*YOUR GOAL:* An exact reprint of the listing is required, with no pictures included.
++++++
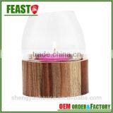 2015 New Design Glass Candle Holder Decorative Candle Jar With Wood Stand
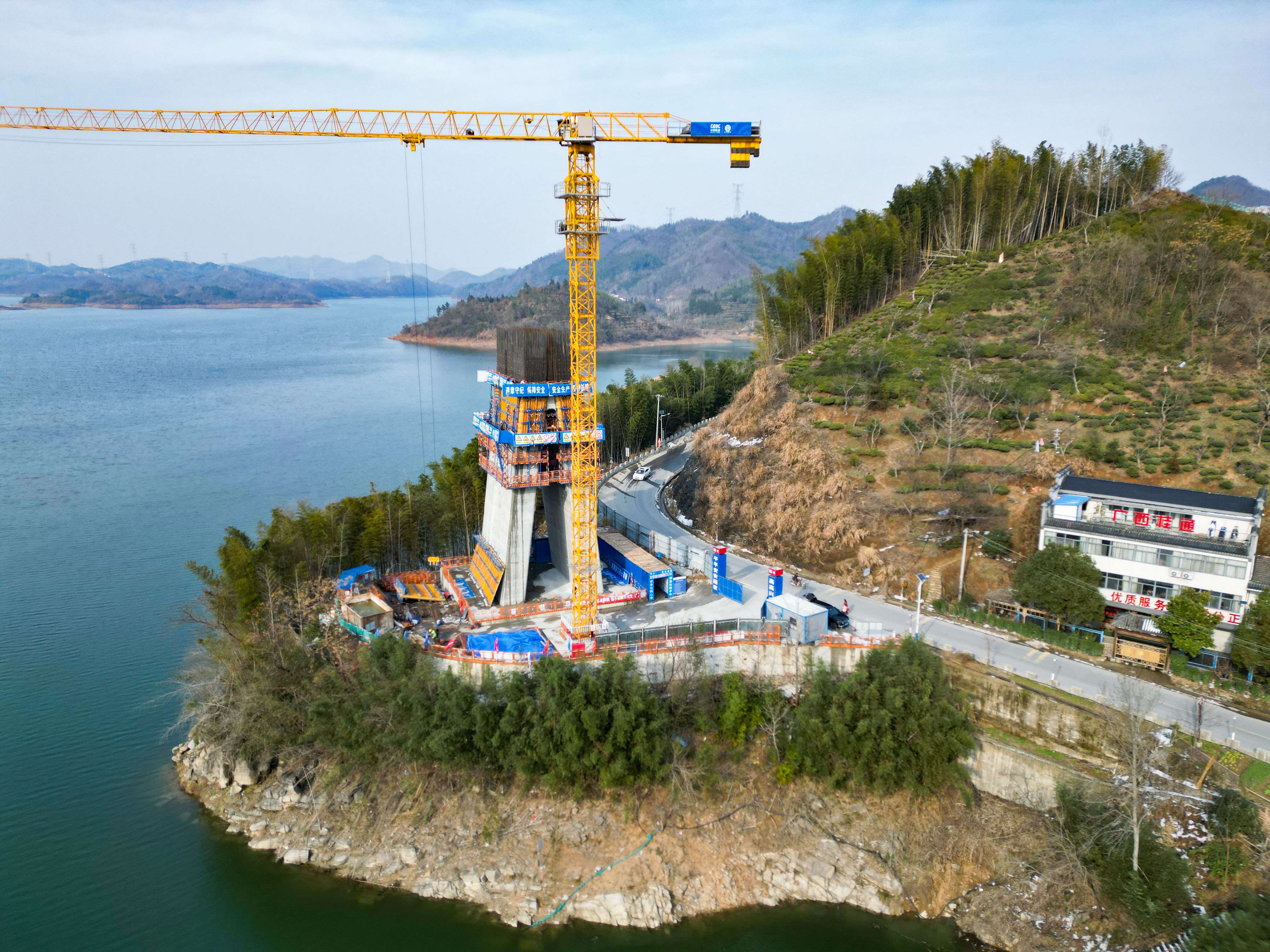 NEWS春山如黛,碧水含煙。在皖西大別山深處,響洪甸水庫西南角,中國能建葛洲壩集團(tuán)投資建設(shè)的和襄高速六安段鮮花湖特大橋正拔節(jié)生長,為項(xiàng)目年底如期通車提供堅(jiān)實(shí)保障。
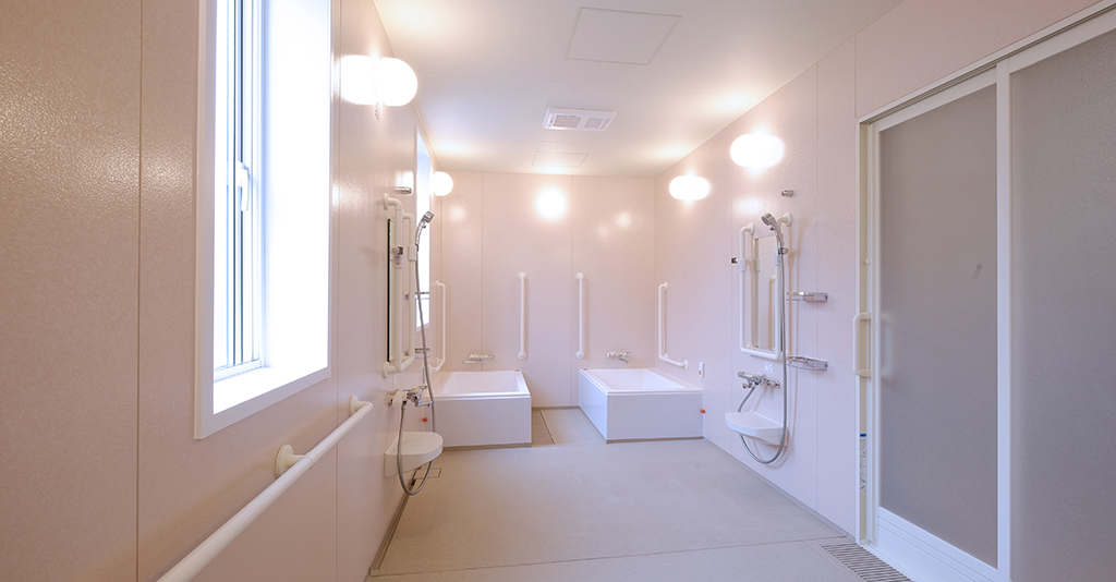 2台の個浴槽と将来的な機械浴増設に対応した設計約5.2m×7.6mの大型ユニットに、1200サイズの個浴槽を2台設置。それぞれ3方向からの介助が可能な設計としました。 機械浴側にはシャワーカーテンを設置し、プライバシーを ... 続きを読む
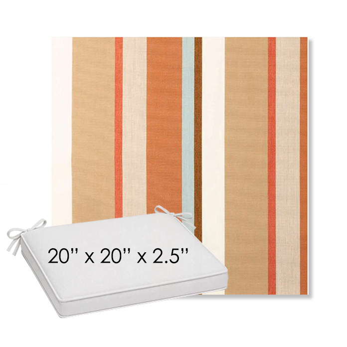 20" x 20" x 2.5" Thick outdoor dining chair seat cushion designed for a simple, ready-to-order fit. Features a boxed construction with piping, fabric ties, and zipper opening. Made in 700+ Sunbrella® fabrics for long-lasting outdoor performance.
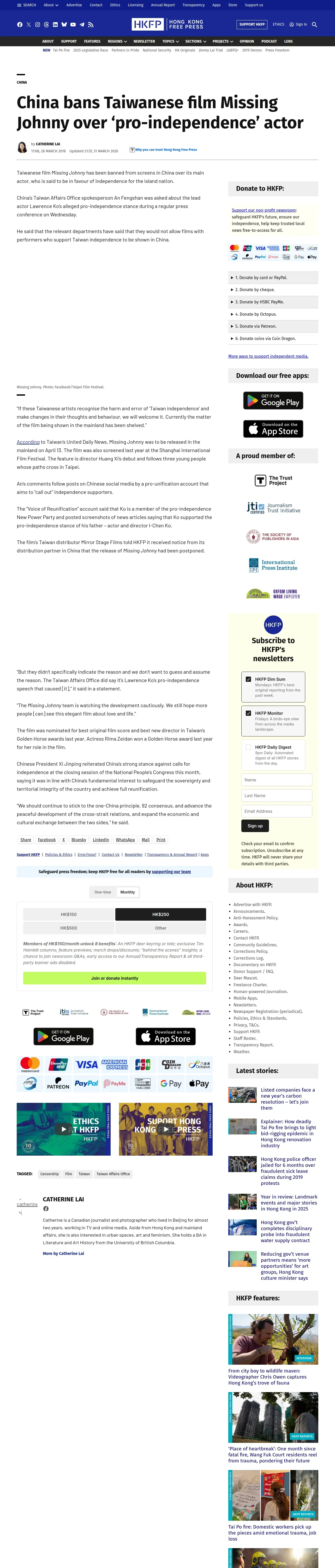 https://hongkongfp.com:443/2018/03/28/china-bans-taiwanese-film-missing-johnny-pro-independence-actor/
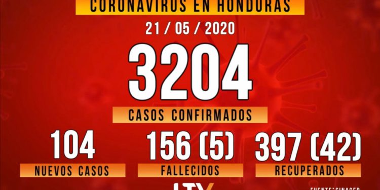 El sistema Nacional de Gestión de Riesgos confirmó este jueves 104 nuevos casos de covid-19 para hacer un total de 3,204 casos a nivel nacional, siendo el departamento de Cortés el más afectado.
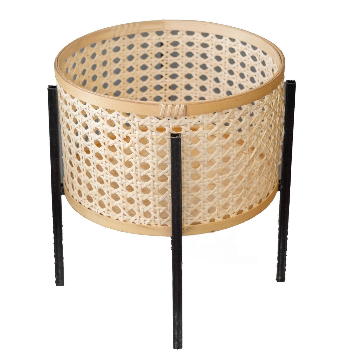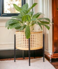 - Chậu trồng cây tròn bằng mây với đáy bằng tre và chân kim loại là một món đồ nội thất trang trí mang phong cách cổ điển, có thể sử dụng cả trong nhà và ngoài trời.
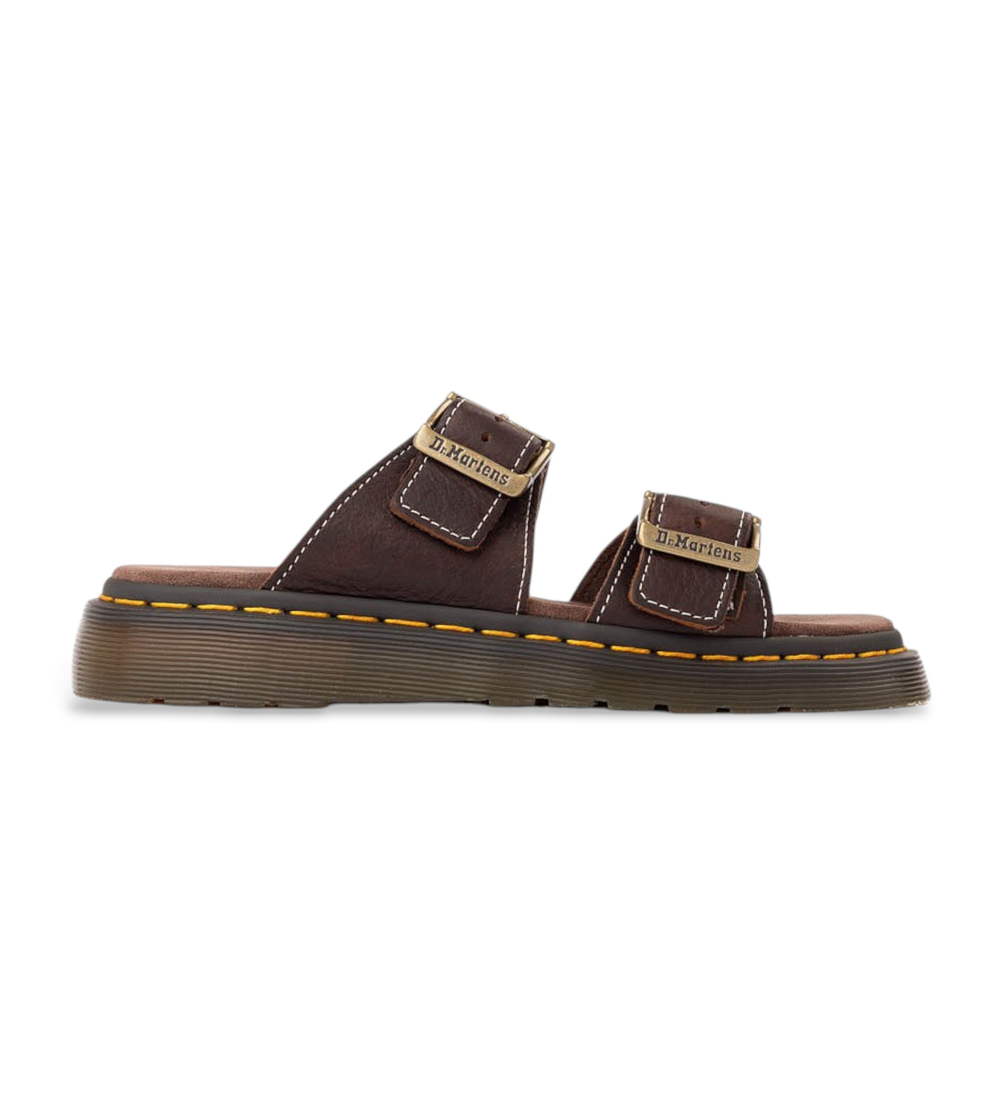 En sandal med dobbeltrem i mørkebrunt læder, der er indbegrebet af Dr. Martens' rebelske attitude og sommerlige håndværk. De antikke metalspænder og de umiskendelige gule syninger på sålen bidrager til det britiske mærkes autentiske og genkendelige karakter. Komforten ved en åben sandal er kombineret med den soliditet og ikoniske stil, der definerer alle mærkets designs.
++++++
*YOUR SOLUTION:*
 2015 New Design Glass Candle Holder Decorative Candle Jar With Wood Stand
 NEWS春山如黛,碧水含煙。在皖西大別山深處,響洪甸水庫西南角,中國能建葛洲壩集團(tuán)投資建設(shè)的和襄高速六安段鮮花湖特大橋正拔節(jié)生長,為項(xiàng)目年底如期通車提供堅(jiān)實(shí)保障。
 2台の個浴槽と将来的な機械浴増設に対応した設計約5.2m×7.6mの大型ユニットに、1200サイズの個浴槽を2台設置。それぞれ3方向からの介助が可能な設計としました。 機械浴側にはシャワーカーテンを設置し、プライバシーを ... 続きを読む
 20" x 20" x 2.5" Thick outdoor dining chair seat cushion designed for a simple, ready-to-order fit. Features a boxed construction with piping, fabric ties, and zipper opening. Made in 700+ Sunbrella® fabrics for long-lasting outdoor performance.
 https://hongkongfp.com:443/2018/03/28/china-bans-taiwanese-film-missing-johnny-pro-independence-actor/
 El sistema Nacional de Gestión de Riesgos confirmó este jueves 104 nuevos casos de covid-19 para hacer un total de 3,204 casos a nivel nacional, siendo el departamento de Cortés el más afectado.
 - Chậu trồng cây tròn bằng mây với đáy bằng tre và chân kim loại là một món đồ nội thất trang trí mang phong cách cổ điển, có thể sử dụng cả trong nhà và ngoài trời.
 En sandal med dobbeltrem i mørkebrunt læder, der er indbegrebet af Dr. Martens' rebelske attitude og sommerlige håndværk. De antikke metalspænder og de umiskendelige gule syninger på sålen bidrager til det britiske mærkes autentiske og genkendelige karakter. Komforten ved en åben sandal er kombineret med den soliditet og ikoniske stil, der definerer alle mærkets designs.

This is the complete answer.